PLL2 is 528MHz, and DDR3-1066 is clocked by PPL2.
Code which is executed in DDR3-1066 is as follows:
volatile unsigned long int test_mips_t_delay;
test_mips_t_delay = 100000UL;
while(test_mips_t_delay--) // Considered around 5 instructions
asm volatile ("nop\n\t"); // 6th instruction, assumed one cycle per instruction
asm volatile ("nop\n\t"); // 7th Instruction, assumed one cycle per instruction
asm volatile ("nop\n\t"); // 8th Instruction, assumed one cycle per instruction
asm volatile ("nop\n\t"); // 9th Instruction, assumed one cycle per instruction
asm volatile ("nop\n\t"); // 10th Instruction, assumed one cycle per instruction
The time taken to execute one Mega instructions in DDR3-1066 is around 22.998 milli seconds, when mmu is enabled. Without enabling the mum, it takes around 23.955 milli seconds to execute one Mega instructions in DDR3-1066.
But we expect around 1.004 milli secs as per the clock settings.
If the core executes at 996 MHz, it can execute 996 Mega (one cycle) instructions in a second. Since its a DDR3-1066, the data rate should be double i.e 528 * 2 MHz. So, the time expected to execute one Mega instructions is ((1/996)*10 power 3) milli seconds i.e 1 milli second.
Kindly help us to understand, why the code in DDR3-1066 executes at a very lower speed than expected.
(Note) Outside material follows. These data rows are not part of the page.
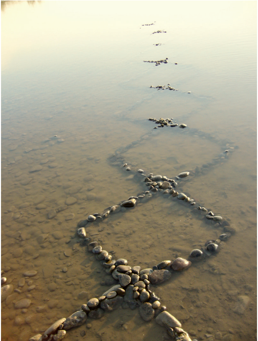
Pokorny Attila: Vízvarrás, 2007, fotódokumentáció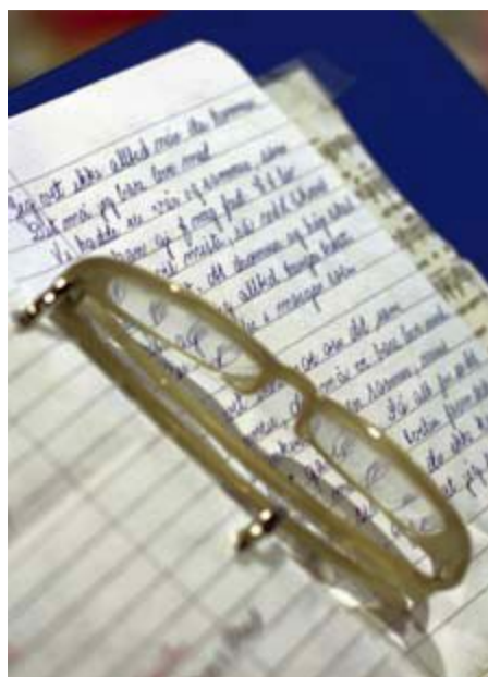
HUSKELAPP | Med seg har hun en perm med sangtekster og stikkord til de mange hundre vitsene hun har på lager.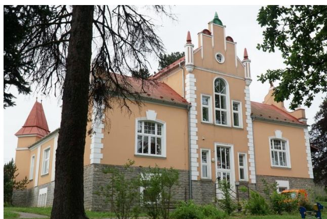
Obrázek 2: Budova MŠ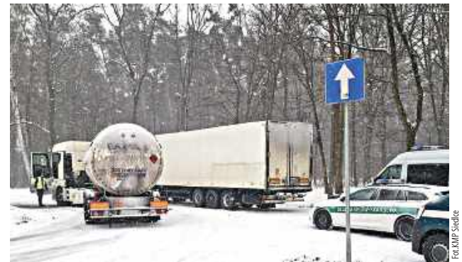
Celem prowadzonych działań jest kontrola przewozu drogowego materiałów niebezpiecznych, w tym towarów podlegających rejestracji w systemie SENT

W środę, 4 lutego na terenie Siedlec i powiatu siedleckiego policjant Komendy Miejskiej Policji w Siedlcach przeprowadza kontrole pojazdów transportujących towary niebezpieczne, działając wspólnie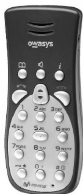
Imagen 1. Fotografía de un teléfono móvil que facilita el acceso a personas con problemas de motricidad fina, dificultades en la visión, a las personas mayores y a quienes necesitan apoyos cognitivos.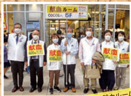
熊本キャッスル ライオンズクラブの皆様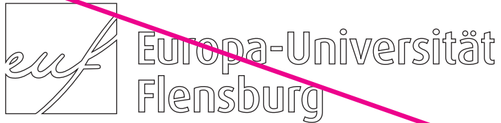
Verwendung einer Outline-Variante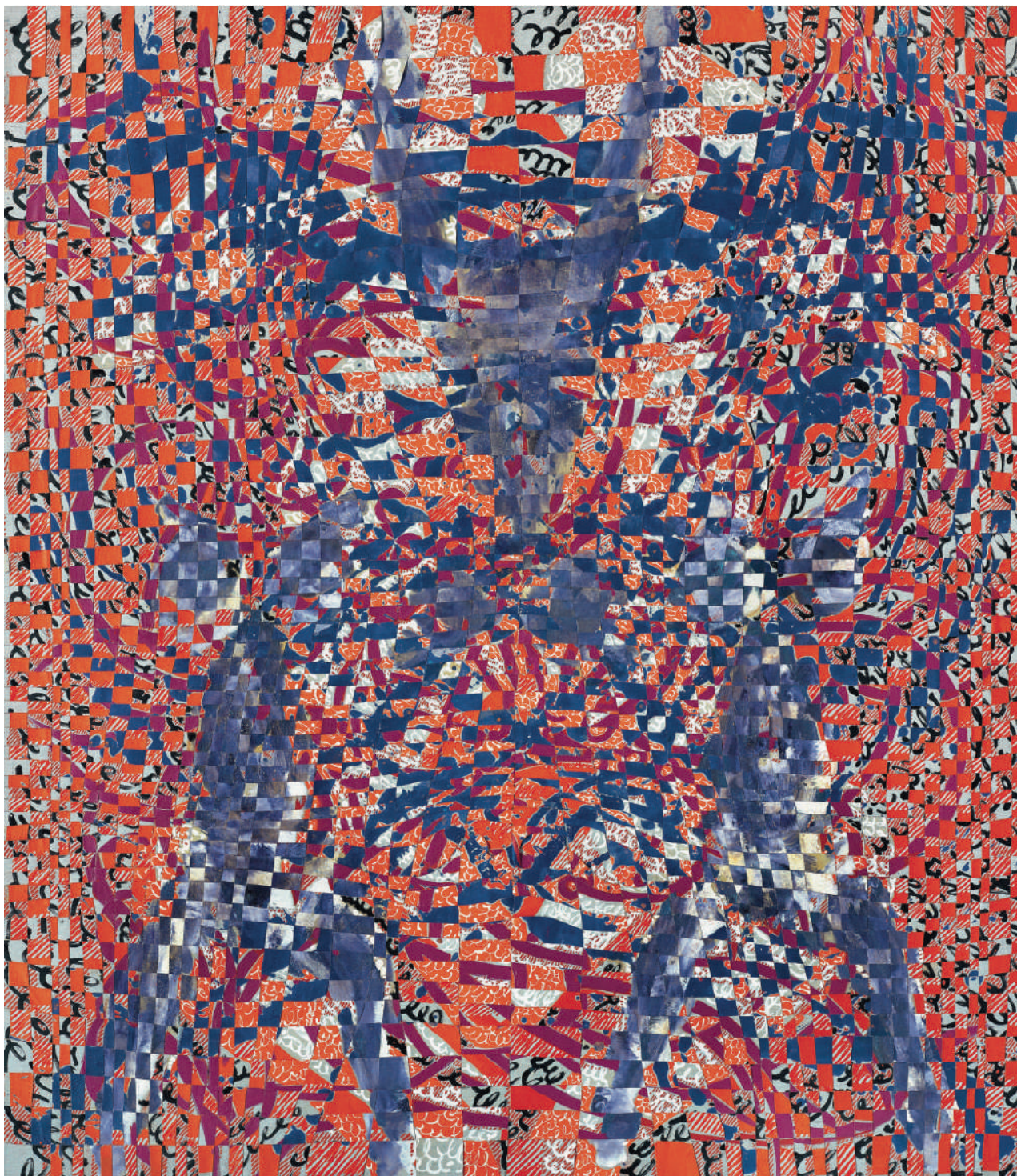
Odalisque Flandres XVI, 2010 – 2011 Peinture à la cire sur toile tressées 171 × 149 cm

C'est comme si vous aimiez les grandes blondes et que vous tombiez amoureux d'une petite brune... Il n'y a aucun rapport entre son travail et le mien, et pourtant! ... quel artiste ! Il me disait : « Toi et moi c'est pareil, mais évidemment tes petits carreaux c'est plus facile ! » Je lui répondais : « Ok, mais toi et tes petites filles, avoue que c'est quand même plus marrant à peindre que mes petits carreaux ! ». Balthus méprisait les artistes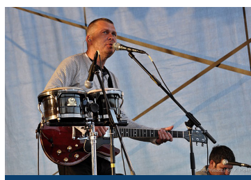
Raz dwa trzy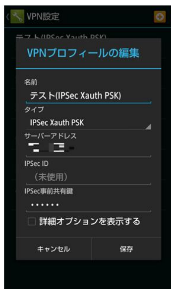
IPsec Xauth PSK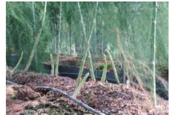
パイプハウス内の様子

アスパラガスを植えてから10年ほど経つと樹勢の衰えとともに収量が下がってきたため、高畝栽培や施肥の工夫等独自の取り組みの結果、樹勢が回復し、アスパラガスを植えてから16年目の現在でも高い収量を維持している。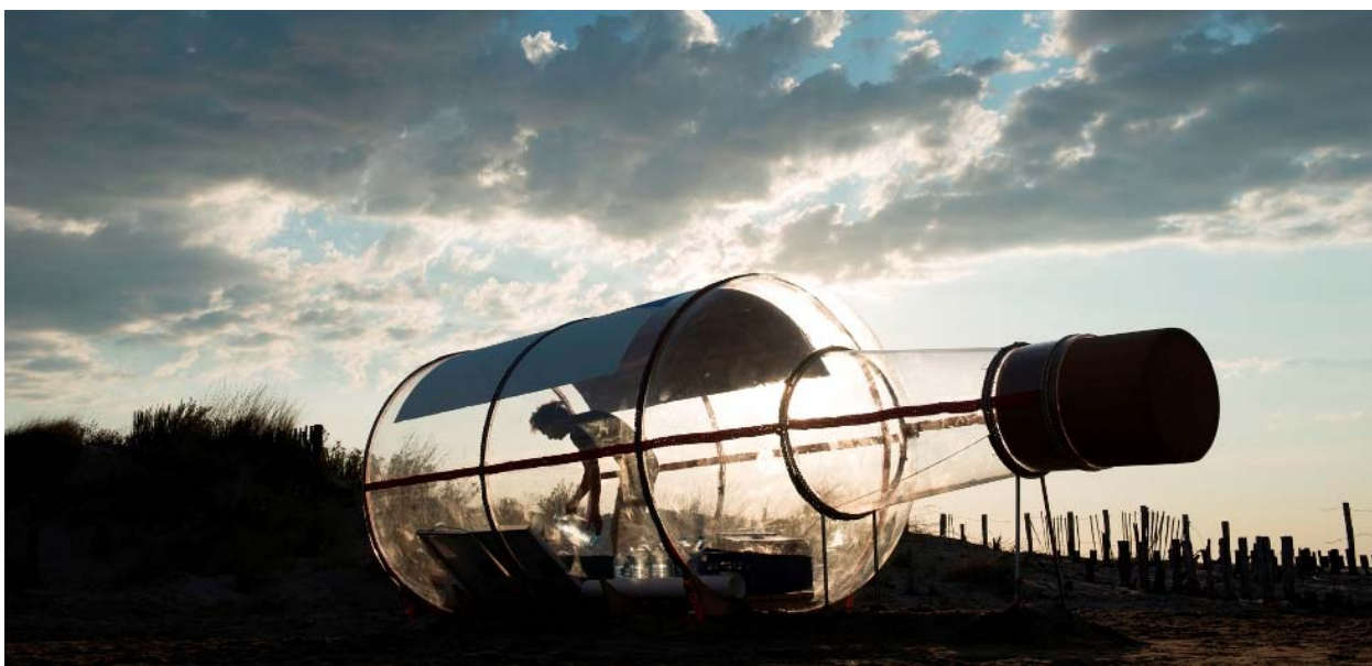
La Bouteille, plage Napoléon à Port-St-Louis du Rhône

Un projet d' Abraham Poincheval avec le Citron Jaune, centre national des arts de la rue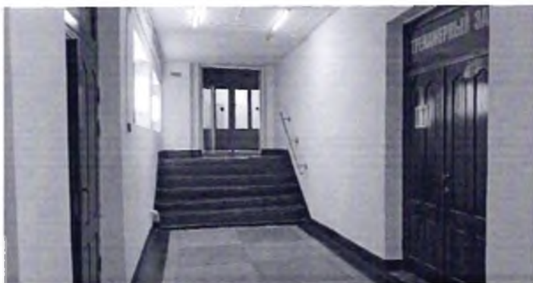
Φοτο № 25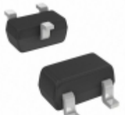
DDTC124XE-7 Diodes Incorporated TRANS PREBIAS NPN 150MW SOT523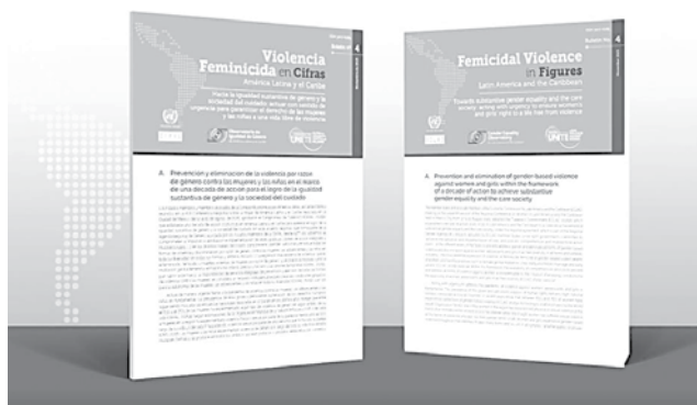
El informe de la Cepal. CEPAL

Esto representa, por lo menos, 11 muertes violentas de

Thank you all for your support. Time being we are able to achieve better execution time, by fixing a issue in the mmu enable code. At present it looks like the code executes at a better rate. We are still analysing the execution time. We will get back to you, once after completing this exercise. Thanks again for your valuable support.
Have you the caches enabled? Enabling/disabling the caches may affect the data transfer rate significantly. Also, what code do you use to copy data? Do you execute the code under Linux (or other OS) or on bare metal platform? What exactly i.MX6 family processor do you use? What is DDR3 data bus width?
executing million instructions in a loop will not provide any usefull data. The instructions are stored in processor's caches.
I suggest you to abandon loop-like instruction tests.
You can advance your data test:
Let us know how is your progress.
Thanks alot for the useful information. We tried copying 512 MB and it takes around 12.5 seconds. This is too slow. Could you please help us to understand, what would have gone wrong.